Friday, August 31, 2018

Lessons Learned from the Other Side of the ICU Bed

Six years ago, we lost an amazing patriarch. As the nurses in the family, and the oldest child/grandchild, my Mom and I flew to Michigan to be there with our grandfather and his wife as difficult decisions were made. Dr. Frank McDonald was a rocket scientist (literally). He was chief scientist on the Voyager spacecraft, which would exceed all expectations as it spent decades looking for the edge of our solar system. He has a wikipedia page which outlines his scientific accomplishments. Grandpa McDonald was the Sun in our McDonald family solar system. He always said he wanted to die at his desk, and he would retire from one job only to go on to the next one. On August 30, 2012, he was giving a scientific lecture to a group of colleagues. He finished his talk and collapsed. On EMS arrival he had agonal respirations and required intubation. Treatment at St. Joseph's Medical Center quickly revealed a massive cerebral hemorrhage (he was on warfarin for atrial fibrillation).

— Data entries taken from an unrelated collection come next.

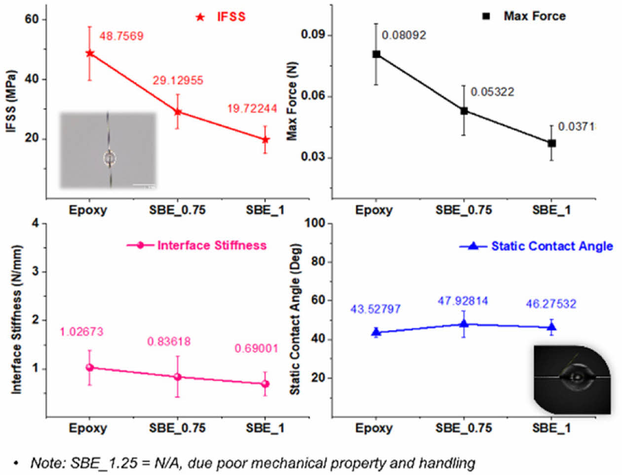 As it is expected due the lower mechanical performance (i.e. elastic modulus of the SBE) and the introduction of the electrolyte phase at the interface which does not take any load; there is a noticeable decrease in the IFSS as the electrolyte increases. Furthermore, the measurement of contact angle by single-fibers' droplets does not reveal any significant distinctions. Consequently, it can be deduced that the wettability of carbon fiber by the SBE was not notably altered in comparison to the epoxy scenario.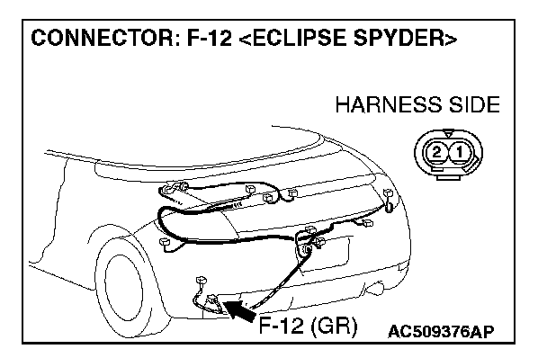 STEP 7. Check ABS-ECU connector A-02, intermediate connector C-26 and wheel speed sensor [rear: LH] connector F-12 for loose, corroded or damaged terminals, or terminals pushed back in the connector.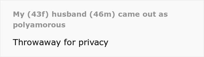 The poster explained that she had been married to her husband for fifteen years and that he suddenly “came out” as polyamorous, and already had someone to date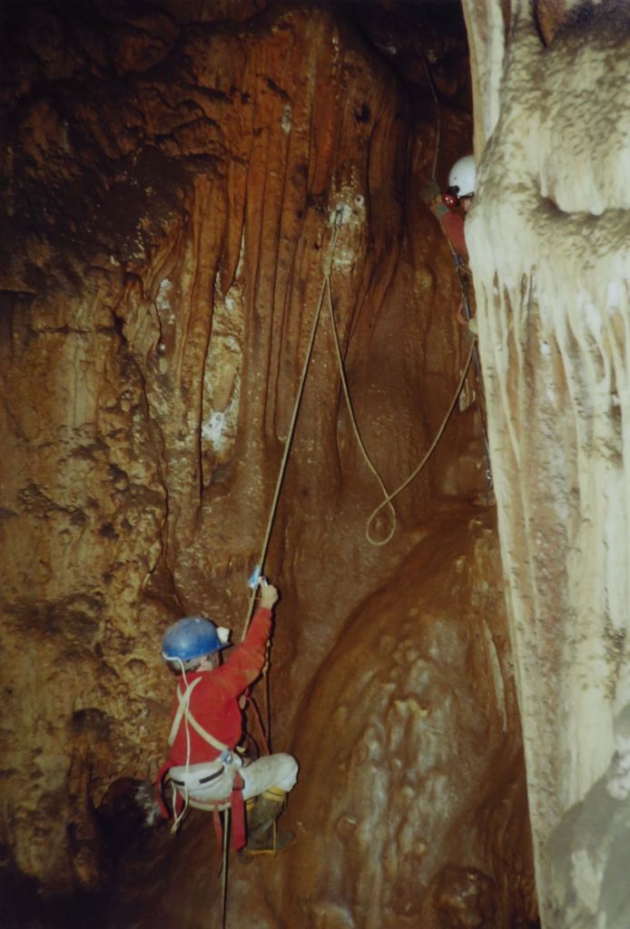 Eine Höhle in Frankreich blieb bei mir in extrem positiver Erinnerung, weil diese mitten in der Pampa in Form eines ca. 5 Meter breiten Loches beginnt. Dieses Loch hat eine schlappe Tiefe von ungefähr 70 Meter. Senkrecht. Stell dir vor, dein Kind geht alleine im Wald spielen … denn eine Absperrung gab es nicht. Wilde Natur halt. Wenn man sich in dieses Loch abseilt, gelangt man in eine unterirdische Halle, die so unglaublich groß ist, dass der Kölner Dom hineinpassen würde, zumindest ohne Türme. Durch den obigen Eingang fällt soviel Licht in die Halle, dass alles dämmrig dunkel zu erkennen ist. Beim Abseilen in diesen gigantischen Raum war ich so überwältigt, dass ich sogar meine Höhenangst vergaß. Unten angekommen sieht man Tropfsteine, Stalagmiten und Stalagtiten. Erstere wachsen von unten nach oben, zweitere von oben nach unten. Um sich das einfacher zu merken, ein super Spruch meines Vaters: „In Stalagtiten steckt Tit(t)en drinnen, und die hängen ja auch herunter …“. Aber zurück zur Höhlen-Erotik: Die Tropfsteine hatten eine Größenordnung, die unvorstellbar war, insbesondere die Stalagmiten: Manche mit dem Umfang von Mammutbäumen und dutzende Meter hoch. Ein Mensch sieht daneben winzig aus. Am Ende dieser riesigen Höhle kam die letzte mentale Überforderung: Ein kleiner separater Höhlenraum, der komplett mit weißen Kristallen geschmückt ist, die im Licht unserer Lampen wie Millionen Diamanten funkelten. In solchen Momenten ist man einfach sprachlos und könnte vor Freude weinen. Besonders weil der Weg zum Ziel herausfordernd und anstrengend war und man sich bewusst ist, dass man ein seltenes Privileg hat, da Otto Normalerverbraucher niemals hier hinkommen kann oder will. Es sei noch angemerkt, dass wir niemals Sachen aus Höhlen mitnehmen: Wer etwas abbricht oder auch nur etwas Loses einsteckt, der hat das Vertrauen der Höhlenforscher für immer verspielt. Eine Höhle ist ein Naturwunder, das auch noch Andere sehen möchten, kein Souvenirladen. Leider nahmen die Franzosen dies zu wörtlich, bohrten Jahrzehnte später einen Gang zu der Halle und bauten diese zu einer Schauhöhle um. Mein Gefühl, etwas sehr Seltenes gesehen zu haben, was nur wenige Augen je erblickten, ist seitdem erledigt. Ich war nie wieder dort.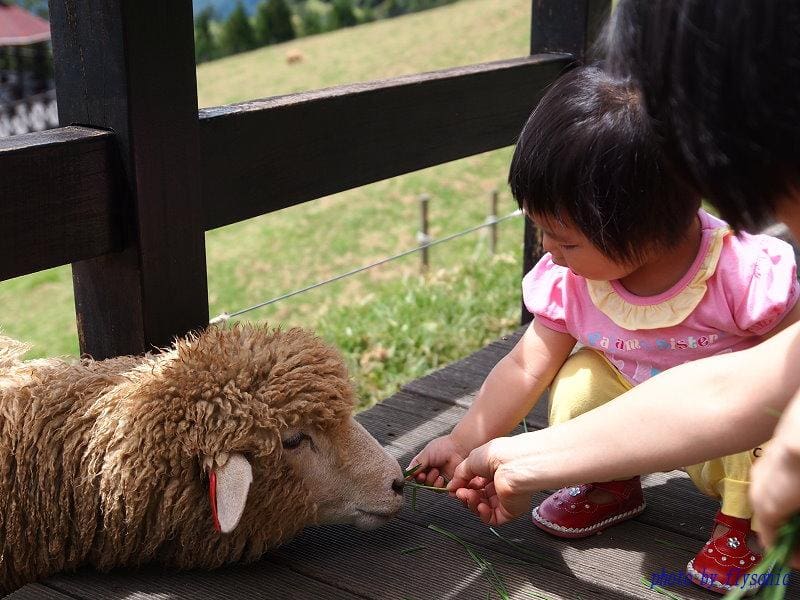 清境的青青草原上的小綿羊是目前小寶貝最愛的動物之一,每次一問她要不要去看小綿羊,她就會回答說:「好」,小寶貝在這裡可以待上一個小時以上,而且都一直在餵小綿羊。

Stepping away from the emotion of losing a beloved family member, there are three very specific things that stuck with me during our experience. Things that I had to appreciate from the family member perspective in order to truly integrate them into my own practice as an Acute Care Nurse Practitioner. I have shared this story often, but as the anniversary passes once again I thought it time to write it down.

1- When delivering unexpected news, provide information in small bits and ensure family members have the information they need to take appropriate next steps. My Mom and I are a high functioning nurse and NP. We eat crisis for breakfast. Our every day at work is often someone else's worst day. On August 30, however, I vividly remember myself walking around in circles, packing a bag without actually accomplishing anything, while talking to the trauma social worker from the St. Joe's Emergency Department. She gave me step by step instructions: "Get a pen and paper. Here is the address of the hospital. Here is the airport you need to fly in to. Here is what to do when you get here." Without her to focus me, I'm not sure how the details would have gotten taken care of.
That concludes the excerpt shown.